This invention relates to software solution patterns, and more particularly to apparatus and methods for capturing software solution patterns and associated points of variability.
In the field of computer science, a “pattern” is a type of problem that occurs over and over again, and an abstract solution to the problem that can be used over and over again to solve the problem. Patterns can take on various different forms, including “design patterns,” “architectural patterns,” and “integration patterns.” A design pattern is a general reusable solution to a commonly occurring software design problem. The design pattern is typically not a finished design that is transformable directly into code, but rather a description or template to solve a problem that can be used in many different situations. By contrast, architectural patterns are software patterns that offer well-established solutions to architectural problems in software engineering. Architectural patterns are typically larger in scale than design patterns. Integration patterns, by contrast, are software patterns used to make disparate applications work together in a unified manner.
To improve programmer productivity and facilitate easy adoption of best practices for solutions to commonly occurring problems in specific domains, there is a need for prefabricated solution patterns, built by subject matter experts, which can be easily implemented in end user environments. One key issue when building solution patterns is to determine which parts of the pattern (referred to as “points of variability” or “pattern parameters”) can be changed by the end user. These points of variability can be very simple, such as strings or integer values, or very complex, such as multi-dimensional arrays of complex structures. In certain cases, the type and complexity of points of variability that may be eventually used in a pattern may not be known at the time the pattern template is created.

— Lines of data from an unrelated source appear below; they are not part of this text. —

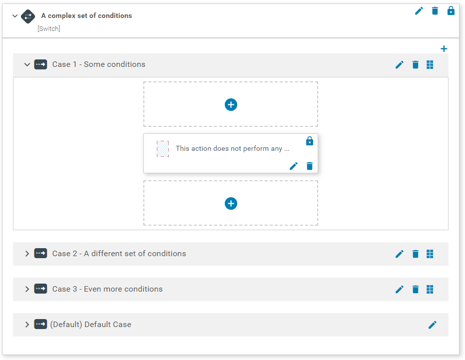 The first matching Case will be used. If no matches are found, the Default case will be chosen. The Default case may be left empty, or it may use a placeholder action to indicate that no work is to be done by default.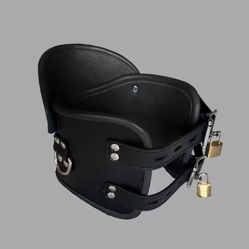 Nyd en betagende BDSM-oplevelse med vores låsbare Posture Collar i sort læder. Denne krave er højere og mere stiv end en traditionel BDSM-krave og tvinger bærerens hoved opad for at opnå en mere oprejst stilling. Den stramme pasform på Posture Collar i læder begrænser hovedets bevægelser og giver bæreren en følelse af kontrol og underkastelse. Den høje kvalitet af læder og det omhyggelige håndværk sikrer, at vores Posture Collar i læder ikke kun er funktionel, men også æstetisk tiltalende.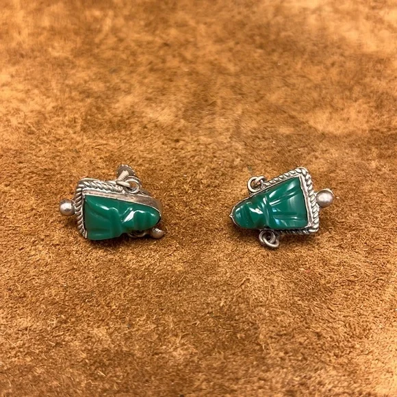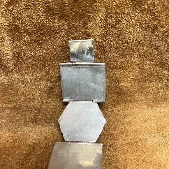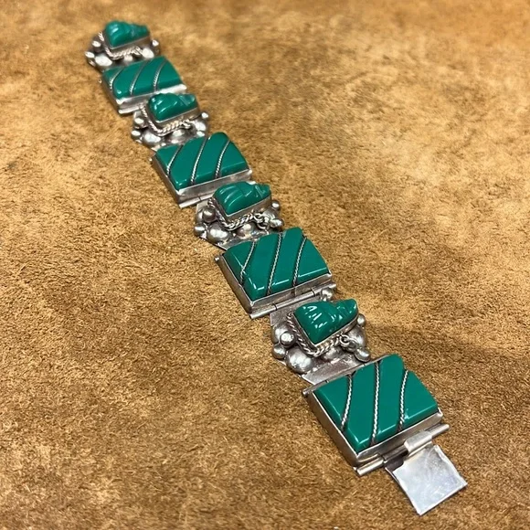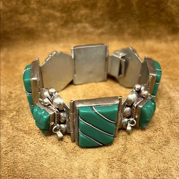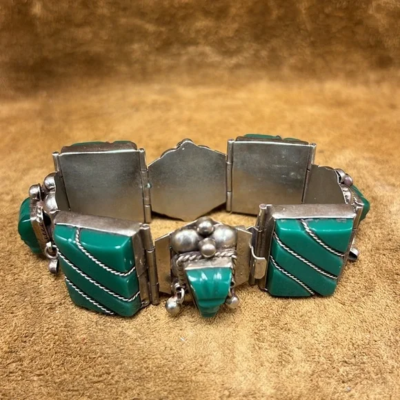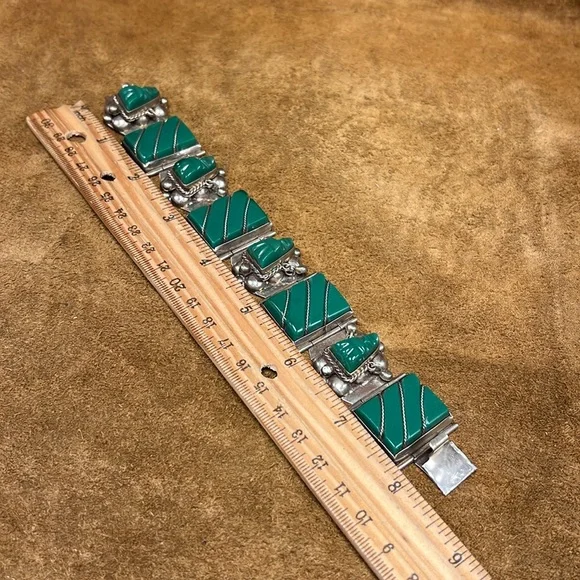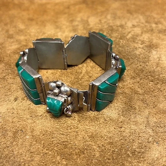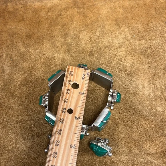 Beautiful and vintage best describes this glorious looking sterling silver jade bracelet with matching earrings included.This item is in overall good condition.Please view all photos prior to purchase.Please ask all questions prior to purchase.Thanks.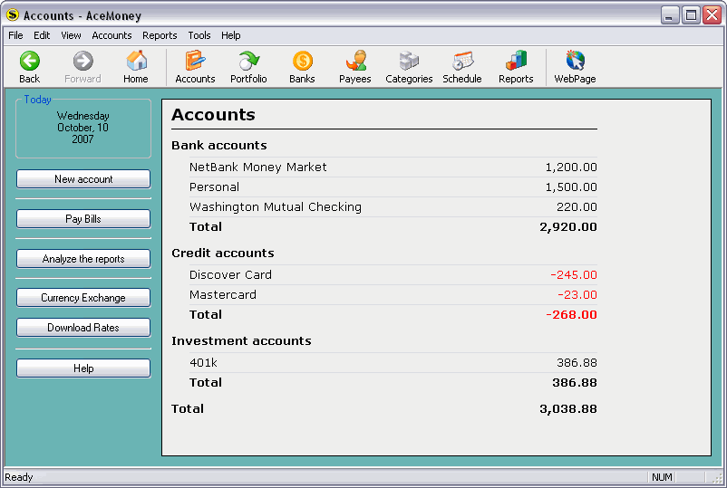AceMoney is a basic personal finance program used to organize and manage finances. The program can manage multiple accounts of different types including checking, savings, credit cards, loans, debt accounts and a user-customized account.

In view of the foregoing, what is needed is an extensible meta model for capturing patterns and associated points of variability. Ideally, such a meta model would provide a mechanism for capturing points of variability of arbitrary complexity or type in a manner that is extensible and independent of the domain of application of the pattern. Such an extensible mechanism would enable the construction of general tools for capturing and employing patterns in any arbitrary domain of application, including new domains that do not exist at the time tooling is constructed. Further needed are mechanisms for capturing default values for a pattern's points of variability.